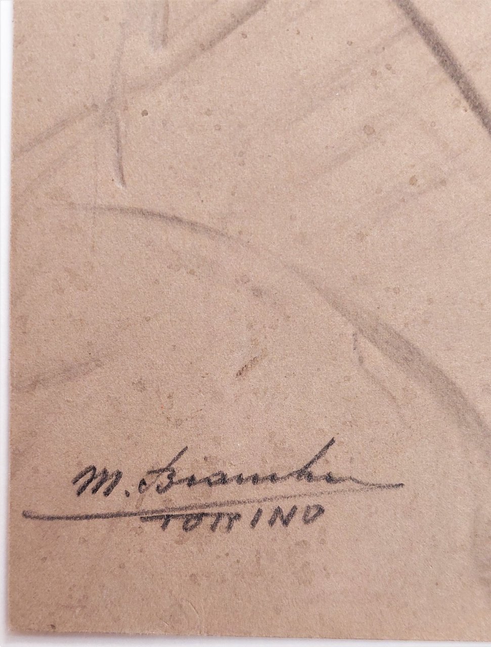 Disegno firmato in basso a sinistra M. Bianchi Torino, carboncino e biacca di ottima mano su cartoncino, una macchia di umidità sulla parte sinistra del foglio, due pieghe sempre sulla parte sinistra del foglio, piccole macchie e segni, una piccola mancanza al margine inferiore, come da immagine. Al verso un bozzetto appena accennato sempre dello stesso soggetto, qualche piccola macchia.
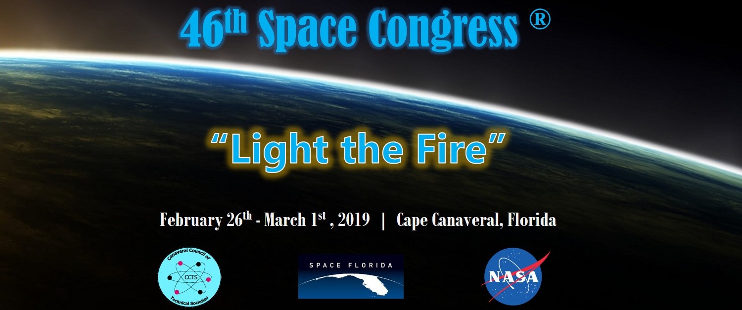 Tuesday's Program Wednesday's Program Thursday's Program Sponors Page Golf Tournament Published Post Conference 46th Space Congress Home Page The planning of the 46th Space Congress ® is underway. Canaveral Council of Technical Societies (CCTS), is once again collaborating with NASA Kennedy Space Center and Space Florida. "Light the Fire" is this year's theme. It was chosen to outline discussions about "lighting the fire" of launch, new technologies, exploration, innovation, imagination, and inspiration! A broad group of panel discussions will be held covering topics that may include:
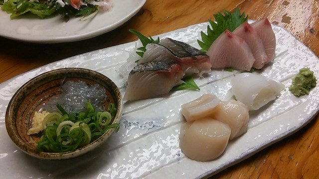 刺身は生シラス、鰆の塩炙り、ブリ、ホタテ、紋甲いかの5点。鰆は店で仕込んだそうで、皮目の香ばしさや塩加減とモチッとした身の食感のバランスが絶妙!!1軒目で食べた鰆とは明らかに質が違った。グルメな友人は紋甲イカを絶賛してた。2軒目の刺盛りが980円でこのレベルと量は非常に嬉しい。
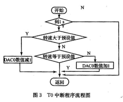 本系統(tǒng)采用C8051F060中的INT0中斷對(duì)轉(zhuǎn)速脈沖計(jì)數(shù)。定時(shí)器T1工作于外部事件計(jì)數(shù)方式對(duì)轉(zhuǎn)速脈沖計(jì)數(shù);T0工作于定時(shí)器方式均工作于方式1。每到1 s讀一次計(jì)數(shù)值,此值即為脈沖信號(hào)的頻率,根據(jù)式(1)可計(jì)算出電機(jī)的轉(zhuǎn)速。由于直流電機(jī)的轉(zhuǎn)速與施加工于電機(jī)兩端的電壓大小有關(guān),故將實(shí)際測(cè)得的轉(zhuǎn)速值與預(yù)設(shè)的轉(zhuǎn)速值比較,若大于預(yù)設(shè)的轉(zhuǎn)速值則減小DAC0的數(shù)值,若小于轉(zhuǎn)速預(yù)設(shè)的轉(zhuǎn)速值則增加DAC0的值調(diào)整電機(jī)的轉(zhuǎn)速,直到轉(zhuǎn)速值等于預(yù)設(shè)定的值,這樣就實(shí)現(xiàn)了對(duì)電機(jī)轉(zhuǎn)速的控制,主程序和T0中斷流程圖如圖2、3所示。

┄┄┄┄┄┄┄┄┄┄┄┄┄┄┄┄┄┄┄┄

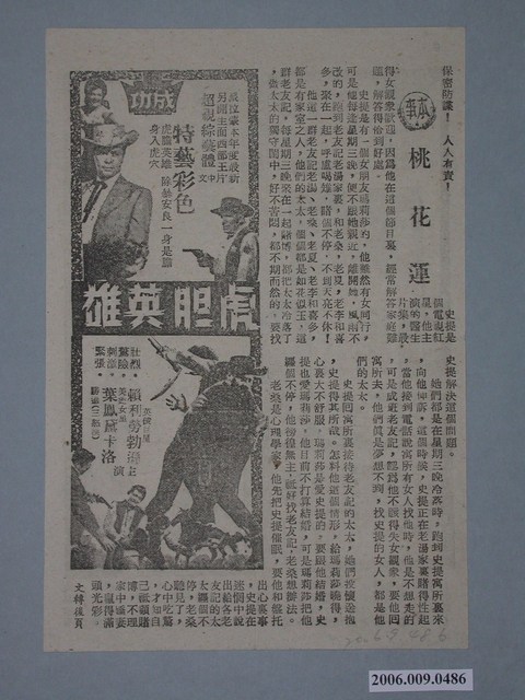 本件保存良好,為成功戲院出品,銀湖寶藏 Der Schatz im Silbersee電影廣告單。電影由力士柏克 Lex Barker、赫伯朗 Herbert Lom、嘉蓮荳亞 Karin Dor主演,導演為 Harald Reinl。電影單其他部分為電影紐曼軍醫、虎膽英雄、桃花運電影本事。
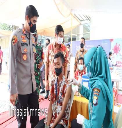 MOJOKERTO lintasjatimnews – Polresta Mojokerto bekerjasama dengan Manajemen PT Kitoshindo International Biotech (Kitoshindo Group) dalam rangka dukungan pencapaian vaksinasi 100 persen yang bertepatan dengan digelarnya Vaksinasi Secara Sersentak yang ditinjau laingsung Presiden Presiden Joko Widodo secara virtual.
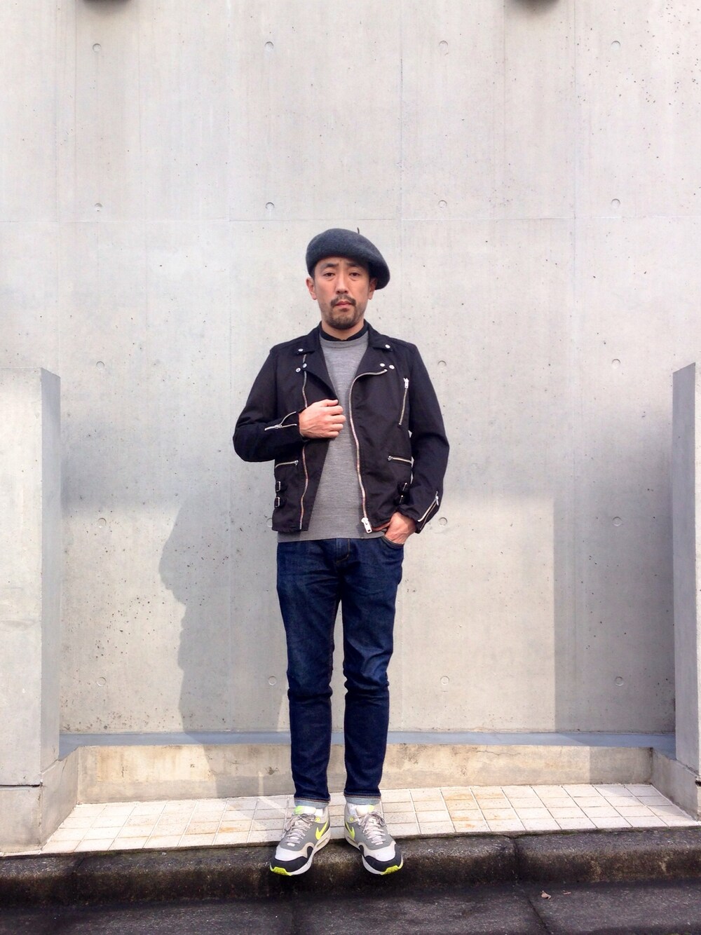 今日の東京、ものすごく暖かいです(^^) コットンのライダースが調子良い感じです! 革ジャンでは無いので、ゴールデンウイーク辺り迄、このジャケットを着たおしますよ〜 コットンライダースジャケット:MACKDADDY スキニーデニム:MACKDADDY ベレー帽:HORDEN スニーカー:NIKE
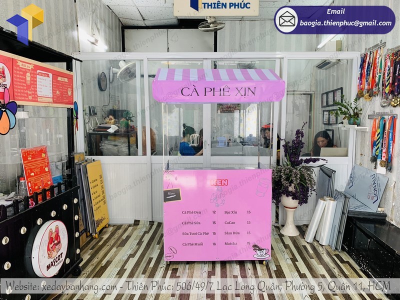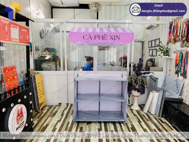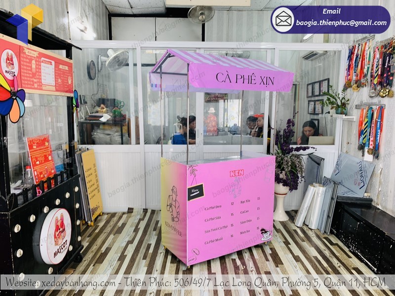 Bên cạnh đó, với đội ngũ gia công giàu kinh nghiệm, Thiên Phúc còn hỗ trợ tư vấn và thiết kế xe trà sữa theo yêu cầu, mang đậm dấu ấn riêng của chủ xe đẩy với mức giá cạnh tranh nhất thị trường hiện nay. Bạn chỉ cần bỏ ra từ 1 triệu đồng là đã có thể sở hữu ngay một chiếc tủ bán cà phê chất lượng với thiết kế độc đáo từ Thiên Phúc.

┄┄┄┄┄┄┄┄┄┄┄┄┄┄┄┄┄┄┄┄

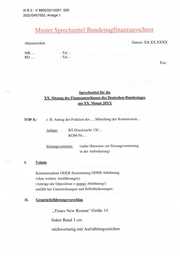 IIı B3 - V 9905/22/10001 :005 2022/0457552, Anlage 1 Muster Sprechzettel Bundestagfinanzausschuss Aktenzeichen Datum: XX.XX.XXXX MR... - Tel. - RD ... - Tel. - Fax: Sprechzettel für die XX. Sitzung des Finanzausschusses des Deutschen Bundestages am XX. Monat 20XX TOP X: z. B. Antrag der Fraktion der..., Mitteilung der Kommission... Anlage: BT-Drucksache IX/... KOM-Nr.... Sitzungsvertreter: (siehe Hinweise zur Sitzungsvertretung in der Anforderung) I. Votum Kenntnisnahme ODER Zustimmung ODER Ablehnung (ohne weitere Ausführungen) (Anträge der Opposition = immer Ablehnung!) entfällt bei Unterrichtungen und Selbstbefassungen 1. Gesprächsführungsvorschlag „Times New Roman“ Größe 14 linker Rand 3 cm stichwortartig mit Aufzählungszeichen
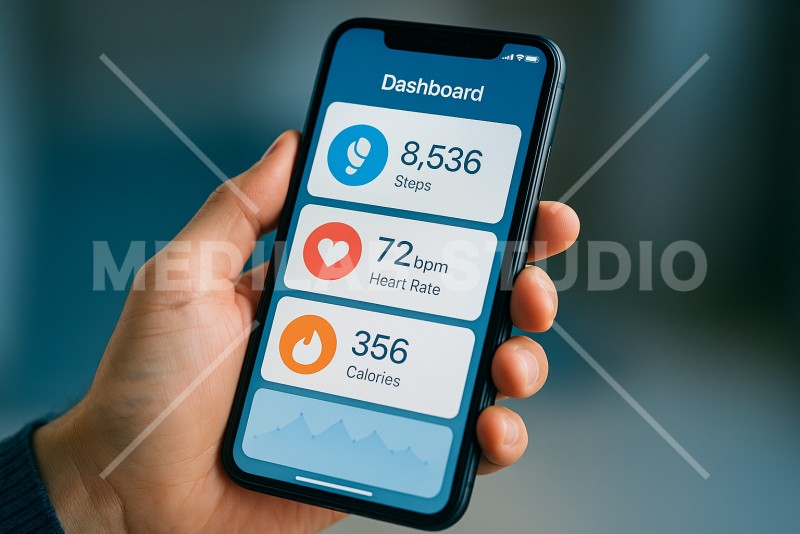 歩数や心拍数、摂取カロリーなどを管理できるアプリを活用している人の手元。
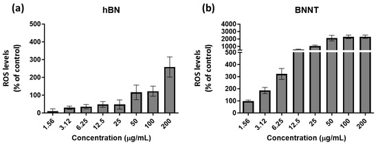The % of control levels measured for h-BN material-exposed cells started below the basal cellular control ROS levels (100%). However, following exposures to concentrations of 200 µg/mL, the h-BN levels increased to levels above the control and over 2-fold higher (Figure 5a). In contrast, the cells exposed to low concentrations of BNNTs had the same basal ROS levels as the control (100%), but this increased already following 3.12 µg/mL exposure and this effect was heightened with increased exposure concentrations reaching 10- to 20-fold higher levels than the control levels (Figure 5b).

┄┄┄┄┄┄┄┄┄┄┄┄┄┄┄┄┄┄┄┄

Copy only what lies between the line with "スキニーデニム:MACKDADDY ベレー帽:HORDEN スニーカー:NIKE" and the line with "Bên cạnh đó, với", those two lines included, exactly as given above; pictures stay out.

 今日の東京、ものすごく暖かいです(^^) コットンのライダースが調子良い感じです! 革ジャンでは無いので、ゴールデンウイーク辺り迄、このジャケットを着たおしますよ〜 コットンライダースジャケット:MACKDADDY スキニーデニム:MACKDADDY ベレー帽:HORDEN スニーカー:NIKE
 Bên cạnh đó, với đội ngũ gia công giàu kinh nghiệm, Thiên Phúc còn hỗ trợ tư vấn và thiết kế xe trà sữa theo yêu cầu, mang đậm dấu ấn riêng của chủ xe đẩy với mức giá cạnh tranh nhất thị trường hiện nay. Bạn chỉ cần bỏ ra từ 1 triệu đồng là đã có thể sở hữu ngay một chiếc tủ bán cà phê chất lượng với thiết kế độc đáo từ Thiên Phúc.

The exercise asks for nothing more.